Далее между этими словами и подписью Унгерна содержится лишь заключительный краткий призыв к «стойкости и подвигу».
Те, кто допрашивал его в плену, поинтересовались, естественно, почему он не оборвал цитату раньше, для чего счел нужным привести эти две цифры. Унгерн ответил, что 1290 дней должны пройти «с момента издания декрета о закрытии церквей до начала борьбы, а 1330 — до освобождения от большевиков».
Имеется в виду изданный 20 января (2 февраля) 1918 года Декрет об отделении церкви от государства. Однако если считать с этого дня, то «до начала борьбы», то есть до выступления Азиатской дивизии из Урги, прошло не 1290 дней, а приблизительно на три месяца меньше. Зато эти недостающие месяцы как раз появляются, если вести счет с Октябрьского переворота. В таком случае все совпадает практически день в день.

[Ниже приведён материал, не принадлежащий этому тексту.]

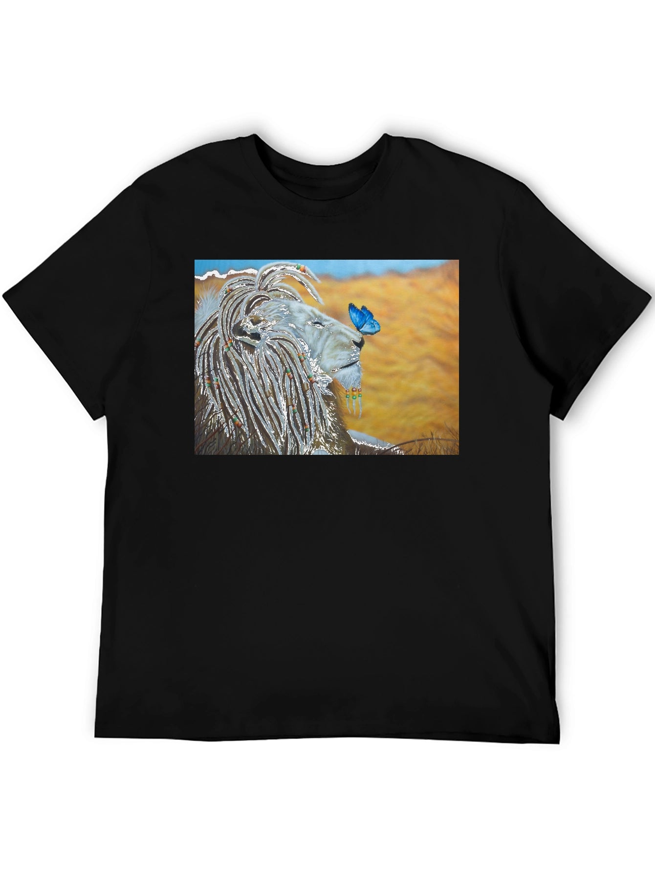 Showcase your unique style with this striking black t-shirt. The tee features a captivating graphic of a white lion adorned with dreadlocks, a blue butterfly perched delicately on its nose against a soft, sun-kissed backdrop. The intricate design provides a visually appealing focal point, making it a great conversation starter. Crafted from comfortable fabric, this tee offers a relaxed fit, perfect for casual wear. Stand out from the crowd and embrace a touch of the wild with this captivating t-shirt.

Сомнительно, чтобы Унгерн сам, с карандашом в руке, занимался подобными подсчетами. По-видимому, кто-то подсказал ему возможность соотнести эти цифры с датой похода в Забайкалье, а он не стал вдаваться в детали. Достаточно было и того, что реальные сроки приближаются к указанным в Священном Писании.
Отношения Унгерна со временем складывались непросто. Его планы были настолько грандиозны, что недели и месяцы мало что значили, все было погружено в вечность. Вдобавок в Монголии он с европейского времяисчисления постепенно перешел на восточное, чтобы удобнее было иметь дело с ламами и чиновниками и не путаться со старым стилем и новым, который к 1921 году одни эмигранты начали признавать, а другие по-прежнему отвергали. Три календаря — юлианский, григорианский и лунный — наложились друг на друга и произвели окончательную сумятицу в его памяти, без того не блестящей во всем, что касалось чисел. Нередко на допросах ему не удавалось вспомнить точные даты даже относительно недавних событий. «Мне трудно восстановить, — признался он однажды, — я все лунными месяцами считал».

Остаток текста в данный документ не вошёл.